Install NVIDIA operators
-
Install Helm
v3.7.0 or higher. -
Install the NVIDIA Network Operator:
-
Add the NVIDIA NGC chart repository to Helm:
helm repo add nvidia https://helm.ngc.nvidia.com/nvidia helm repo update
-
Create
network-operator-values.yaml
with the following contents:nfd: enabled: true # NicClusterPolicy CR values: deployCR: true ofedDriver: deploy: true version: 23.04-0.5.3.3.1 rdmaSharedDevicePlugin: deploy: false secondaryNetwork: deploy: false multus: deploy: false ipoib: deploy: false ipamPlugin: deploy: false
-
Download and install the Helm chart:
helm install network-operator nvidia/network-operator \ -n nvidia-network-operator \ --create-namespace \ --version v23.7.0 \ -f ./network-operator-values.yaml \ --wait
-
-
Download and install the NVIDIA GPU Operator Helm chart from Nebius AI Marketplace:
helm pull oci://cr.ai.nebius.cloud/yc-marketplace/nebius/gpu-operator/chart/gpu-operator \ --version v23.9.0 helm install gpu-operator ./gpu-operator-v23.9.0.tgz \ --namespace nvidia-gpu-operator \ --create-namespace \ --set driver.upgradePolicy.autoUpgrade=false \ --set driver.rdma.enabled=true \ --wait
This command installs NVIDIA drivers version 535.104.12 with GPUDirect RDMA support and NVIDIA Container Toolkit.
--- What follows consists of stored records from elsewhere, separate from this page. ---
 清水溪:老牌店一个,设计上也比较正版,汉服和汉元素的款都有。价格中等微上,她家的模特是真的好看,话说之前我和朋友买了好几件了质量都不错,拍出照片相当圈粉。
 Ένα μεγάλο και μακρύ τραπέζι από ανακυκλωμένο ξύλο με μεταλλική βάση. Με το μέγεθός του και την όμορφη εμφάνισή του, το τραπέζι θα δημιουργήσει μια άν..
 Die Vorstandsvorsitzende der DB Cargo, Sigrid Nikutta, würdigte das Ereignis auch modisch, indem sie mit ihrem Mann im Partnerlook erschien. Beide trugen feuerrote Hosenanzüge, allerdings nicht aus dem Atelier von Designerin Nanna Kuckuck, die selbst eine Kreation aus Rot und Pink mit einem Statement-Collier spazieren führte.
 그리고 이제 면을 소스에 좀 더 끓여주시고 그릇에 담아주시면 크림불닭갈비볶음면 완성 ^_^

Check that the operators and drivers are installed
-
Check that the operators' pods are running:
-
For NVIDIA Network Operator:
kubectl get pod -n nvidia-network-operator
-
For NVIDIA GPU Operator:
kubectl get pod -n nvidia-gpu-operator
Note
For 2 nodes, the pods take around 10–15 minutes to get running; the more nodes, the longer.
-
-
Check that the InfiniBand drivers are installed by the NVIDIA Network Operator:
How to check the InfiniBand drivers-
Check logs of the
mofed-ubuntu20.04
pod:DRIVERS_POD_NAME="$(kubectl get pods --namespace nvidia-network-operator | grep mofed | head -1 | awk '{print $1}')" kubectl --namespace nvidia-network-operator logs "${DRIVERS_POD_NAME}"
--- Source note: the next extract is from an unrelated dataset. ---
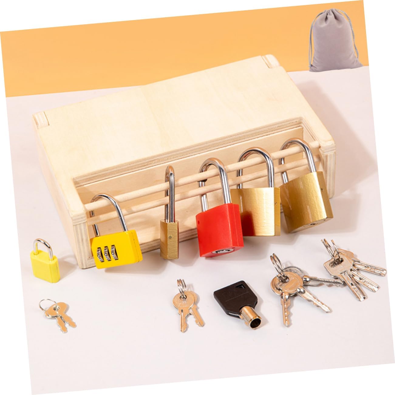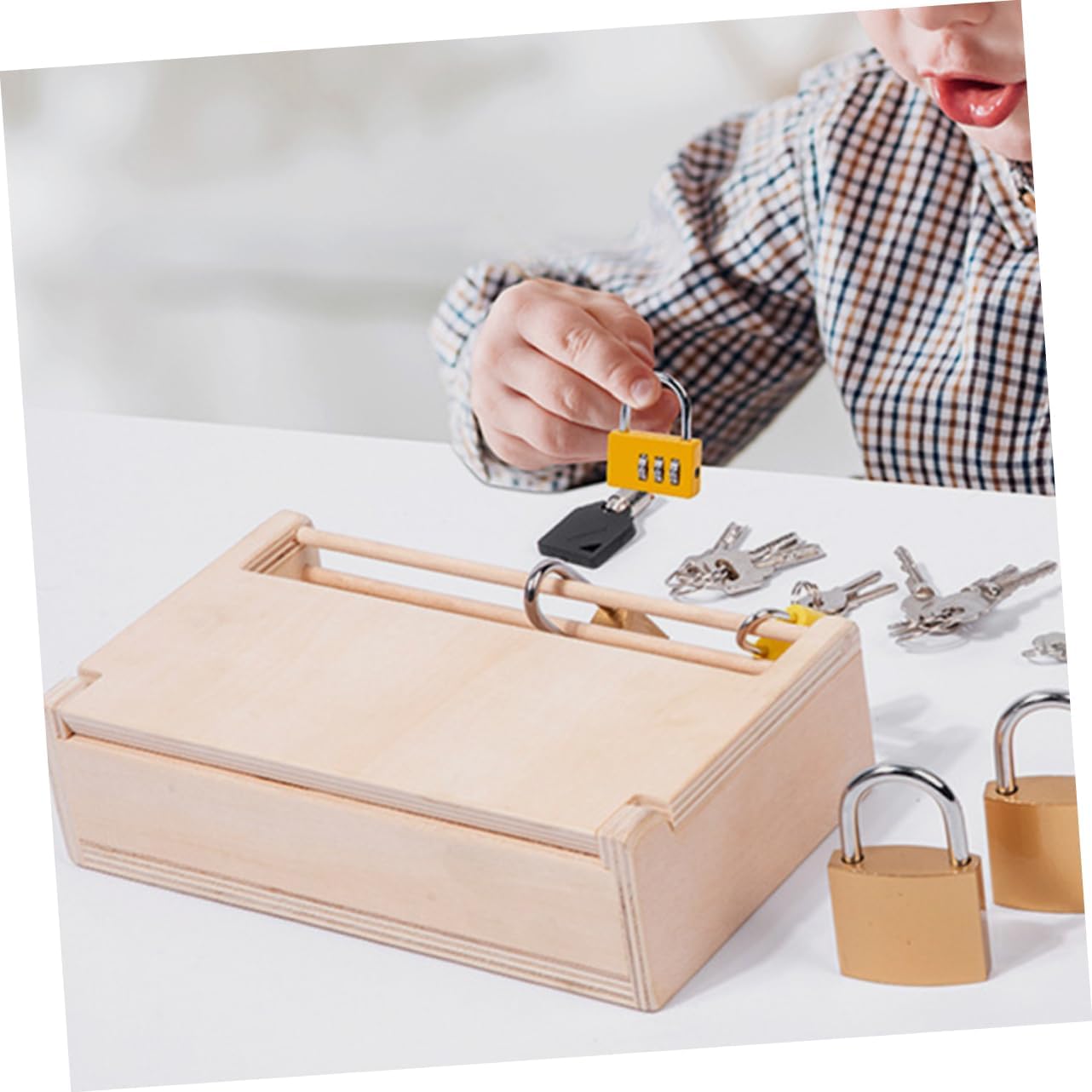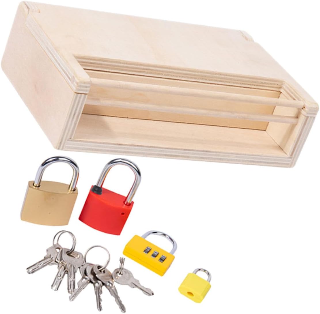Initiez vos enfants au développement de la motricité fine et à la résolution de problèmes avec ce jeu éducatif Montessori en bois, conçu avec des clés et serrures pour un apprentissage ludique et stimulant.

They should contain messages about the successful driver installation, like:
... + ofed_info -s MLNX_OFED_LINUX-23.04-0.5.3.3: + [[ 0 -ne 0 ]] + mount_rootfs + echo 'Mounting Mellanox OFED driver container rootfs...' Mounting Mellanox OFED driver container rootfs... ... + set_driver_readiness + touch /.driver-ready + trap 'echo '\''Caught signal'\''; exit 1' HUP INT QUIT PIPE TERM + trap handle_signal EXIT + wait + sleep infinity
-
Check that the drivers version installed on the nodes is 23.04-0.5.3:
for node in $(kubectl get nodes -o name); do kubectl debug $node -it --image=busybox:1.27.2 -- cat /sys/module/mlx5_core/version done
-
-
Check that the GPU drivers are installed by the NVIDIA GPU Operator:
How to check the GPU drivers-
Check logs of the
nvidia-driver-daemonset
pod:DRIVERS_POD_NAME="$(kubectl get pods --namespace nvidia-gpu-operator | grep nvidia-driver-daemonset | head -1 | awk '{print $1}')" kubectl --namespace nvidia-gpu-operator logs "${DRIVERS_POD_NAME}"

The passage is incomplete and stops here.